Oh, and speaking of freakish hair-do's: Is there anyone alive who thinks that Michael Richards as Kramer would even inspire a single chuckle if shorn of that ridiculous Brillo-pad hair? Within three episodes, he'd have been out of the door, after having been reduced to haranguing black hecklers in the studio audience: He's a [n-word]! He's a [n-word]!
Pathetic.
And, "Elaine"?
Puleeze! She makes Gwyneth Paltrow look like Kate Winslet, she is so flat.
Yawn.
Only one word for it... 
2007-05-12 - H-I-L-A-R-I-O-U-S!!!!!!!!
The greatest Sitcom in the history of Television!!!!

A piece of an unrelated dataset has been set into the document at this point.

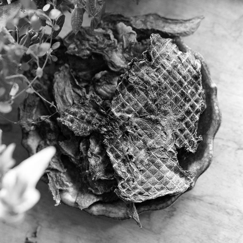 試しにアウトレット品を購入してみました。猪だけに割と脂質がある分、旨みも強いのかフードにトッピングするとまずこのジャーキーを食べています。

Hannukah and Christmas every day 
2006-07-16 - I was living in England when Seinfeld was in its third or fourth season, blissfully unaware of what people were talkabout with this 'Seinfeld' thing when I read in a magazine that you'd have to be hidden in a remote corner of the Amazon to not be into this show. I obviously was in a more inhabited and arguably more sophisticated place than Amazonian corners tend to be, so I tuned in.
Actually, my wife, two boys, and I tuned in.
Good grief, did we get hooked!
Now, with seasons 1-3 and 4-6 under our belt, we spend our days waiting in front of the laptop for our emailed notice from Amazon that later seasons are coming out on DVD.
Well, actually, we don't spend *every* day like that. Just some.
This minimalist sitcom was feared by its creators and producers to be too New York and too Jewish for the mainstream. Yet it took off with a kind of universal appeal that is rare and quickly developed a fan base more loyal to Jerry, Elaine, George, and even Kramer - whose real-life actor seems in these interviews to be the alter ego of Kramer himself - than to our own mothers-in-law.
If you buy any of the DVD sets, you're likely to return regularly to favorite episodes. Prior reviews and especially spotlight reviews will remind you of what those are.
It is the considered opinion of a lot of smart people that there is a Seinfeld quote for nearly every life situation. This product still makes a fantastic gift for Seinfeld aficionados, whether they've memorized them all or are still working on it.